Quinazoline Program:
In August of 2009, FSMA received FDA Orphan Drug Designation For Quinazoline495, our clinical candidate in this program, for the treatment of SMA. Please click here to read more.Tetracycline Program: One major goal at FSMA is to build a therapeutics pipeline for SMA, which will greatly increase our chances of successfully developing a SMA therapy. In March 2006 we began funding a second drug discovery program at Paratek Pharmaceuticals that focuses on Tetracycline-like compounds that correct SMN2 splicing.
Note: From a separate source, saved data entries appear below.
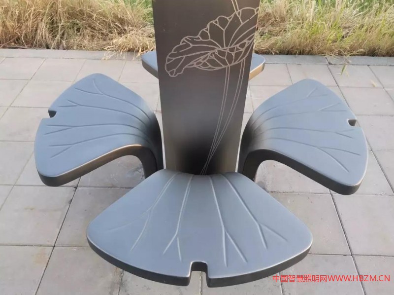 對此,華體科技根據(jù)雄安新區(qū)的特色在細節(jié)上創(chuàng)新設(shè)計了生態(tài)雄安之城市家具座椅及底座。該款座椅提取了白洋淀的荷葉為元素,選材為高強度耐候性玻鋼非金屬材質(zhì),結(jié)構(gòu)上可實現(xiàn)靈活拆卸;細看之下,我們可以發(fā)現(xiàn)該座椅巧妙地利用荷葉紋路作為導(dǎo)水槽,平滑弧度可使其在雨后不留水漬,功能性和觀賞性結(jié)合得非常緊密。底座上的荷花紋飾采用不繡鋼蝕刻技術(shù),栩栩如生。自然元素和弧線的使用賦予了嚴肅的、功能性的路燈一抹靈動,讓每日行走在鋼筋水泥城市森林中的都市人也能感受到寄情山水樂趣。當日頭西落,“蘆花”亮起,那份美與智慧交織的安全感讓雄安化身為烏托邦式的未來智慧城市。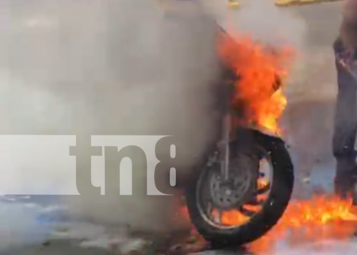 Una moto en llamas no es algo que se vea todos los días, pero sí algo que puede suceder. A pie y solo con el casco, tuvo que regresar a su casa, el conductor de una motocicleta, después que esta se incendiara, cuando se movilizaba en dirección oeste-este, en las cercanías del barrio El Edén, en Managua.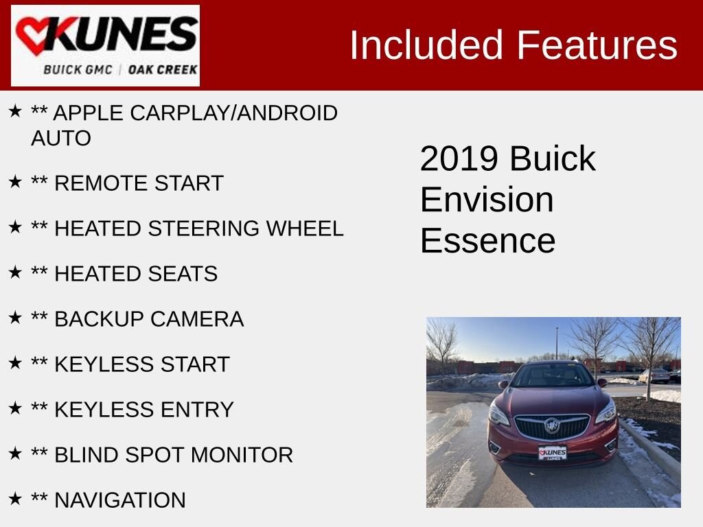 My husband spent months researching various mid-sized suv/wagon vehicles to replace my 2006 Jetta TDI. I wanted something larger to accommodate my 120 pound dog but still frugal, comfortable and good in the winter. On a whim, we went to a local Buick dealer and after looking at several offerings, I decided to test drive a 2019 Envision. In less than 5 minutes I was sold! I purchased a new Envision with AWD, 2.5l engine and leather interior. I have now driven over 4,000 miles without a single hiccup or regret! The ride is firm and responsive, the dynamics and road manners are without reproach, and the economy averages 25+MPG combined on regular gas! I couldn't be more pleased!… - 5.0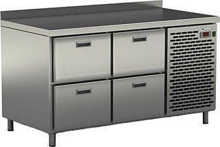 хол. агрегат сбоку; от 1 до 10 °С; рабочая поверхность - нерж. сталь; гастронормированный; 4 ящика; с бортом; ширина - |

This project takes a different approach to increasing SMN levels than our Quinazoline program described above. Using funding from FSMA to generate the preliminary data for a NIH grant application, Paratek has been awarded a multi-million dollar cooperative agreement from the NINDS to continue the research that FSMA funded for the past 3 years. Click here to read more about this award.
Drug Development Process:
The drug development process is a long multi-stepped process, as described in the two figures below. The initial phase when the drug is being generated is called preclinical drug discovery. The second stage when the drug is being tested in humans in called the development phase. The process typically takes 10 to 15 years from start to finish, although for an orphan disease like SMA certain steps in the process can sometimes be streamlined.
Building a Drug Pipeline:
A “drug pipeline” is a way of saying that we need multiple drug candidates moving forward at the same time. Because so many drugs fail when going through the different phases of drug development, it is important to have new ones always coming up for consideration. With a drug pipeline, when one drug candidate drops out, another one will always be there. As the figure below illustrates, drug development is a long-term multi-step process with substantial risk. Continuing to build our drug pipeline is critical as just 10% of drugs entering phase I clinical trials ever receive FDA approval -- we must continue to take as many shots on goal as possible to find a safe and effective treatment and cure for SMA!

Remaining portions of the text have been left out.